Contrasting fortunes for enterprise partners Apple and IBM

© Apple

© Apple

They may well be new partners in the enterprise tablet computing sector, but Apple and IBM have vastly different financial performances. Both companies announced quarterly results yesterday, and the only common ground was the obvious fact they do indeed need each other – Apple needs to revitalise its iPad sales, whereas IBM needs a mobile lifebelt.

The good news first. Apple exceeded all expectations with its Q4 results, beating financial estimates and iPhone sales. In fact, the only area in which it under-performed was iPad sales.

Quarterly revenues were up 12 per cent year-on-year to $42.1bn and net profit was up 13 per cent at $8.5bn, with gross margin edging up slightly to 38 per cent. It reported a record $13.3bn in operational cash flow, with international sales now accounting for 60 per cent of the company’s business.

“We are heading into the holidays with Apple’s strongest product line-up ever,” said CEO Tim Cook. “We are also incredibly excited about Apple Watch and other great products and services in the pipeline for 2015.”

Indeed, Apple’s strongest quarter is always Q1, which covers the gift-giving holiday season. It now expects revenue for this coming quarter to be in the region of $63.5bn and $66.5bn, with a possible half a percentage point improvement on its gross margin.

As for products, the launch of its new iPhone 6 range proved highly successful, with total iPhone sales of 39.2m – up 16 per cent year-on-year and with a revenue value of $23.7bn, or 56.2 per cent of Apple’s total revenue. Apple’s Mac range is the next largest contributor to revenues (15.7 per cent) and unit sales were up 21 per cent year-on-year. Software and iTunes revenue was also up by 8 per cent to $4.6m.
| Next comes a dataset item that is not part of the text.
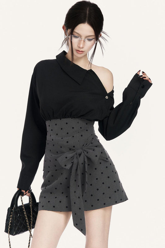 바 스타일 레이스업 블라우스

However, the iPad range disappointed, leading to speculation that the iPhone 6 Plus is seen as a replacement for the iPad Mini – strengthened by the fact that SVP Phil Schiller spent just 29 seconds talking about the new model at last week’s product launch. Sales were down 13 per cent year-on-year at 12.3m units. It really does need to start to see results from its collaboration with IBM.

Down to the core

Talking of which, IBM published its Q3 financials yesterday, and they were quite a contrast to those of Apple. It also announced that it has offloaded its loss-making microelectronics business to New York-based Global Founders – paying the company $1.5bn for the privilege. It also indicated that there would be job losses in the near future.

Revenue for the quarter was down 4 per cent year-on-year at $22.4bn and net profit down 17 per cent at $3.5bn, with a gross margin of 48.6 per cent. In the words of chairman and CEO Ginni Rometty; “We are disappointed in our performance. We saw a marked slowdown in September in client buying behaviour, and our results also point to the unprecedented pace of change in our industry.”

She added though that; “While we did not produce the results we expected to achieve, we again performed well in our strategic growth areas – cloud, data and analytics, security, social and mobile – where we continue to shift our business. We will accelerate this transformation.”

Breaking down these strategic growth areas, IBM says it saw a 50 per cent increase in cloud revenue, analytics up 8 per cent, and mobile doubled in the year to date. However, its accounts do not break out these areas for closer scrutiny. What we do know is that the Global Technology Services unit reported a revenue fall of 2.9 per cent year-on-year to $9.2bn, Global Business Services fell 2.2 per cent to $4.5bn, Software fell 1.6 per cent to $5.7bn and Systems and Technology fell 15.0 per cent to $2.4bn. It’s very difficult to see any upside there.

“We are executing on a clear strategy that is moving IBM to higher value, and we've taken significant actions to exit nonstrategic elements of the business,” added Rometty. “This includes the announcement that we will divest semiconductor manufacturing to focus on research and development that will differentiate our systems.”

"This acquisition solidifies Global Foundries leadership position in semiconductor technology development and manufacturing,” said CEO Sanjay Jha, adding that the company has capex plans of $10bn over the next year.

Meanwhile, both IBM and Apple wait anxiously for the fruits of their enterprise tablet collaboration. 

“Developer teams have been working closely to develop the first wave of Mobile First solutions,” said Cook during an earnings conference call, “and these solutions will be ready for customers beginning next month, across six sectors: banking, government, insurance, retail, travel and transportation, and telecommunications."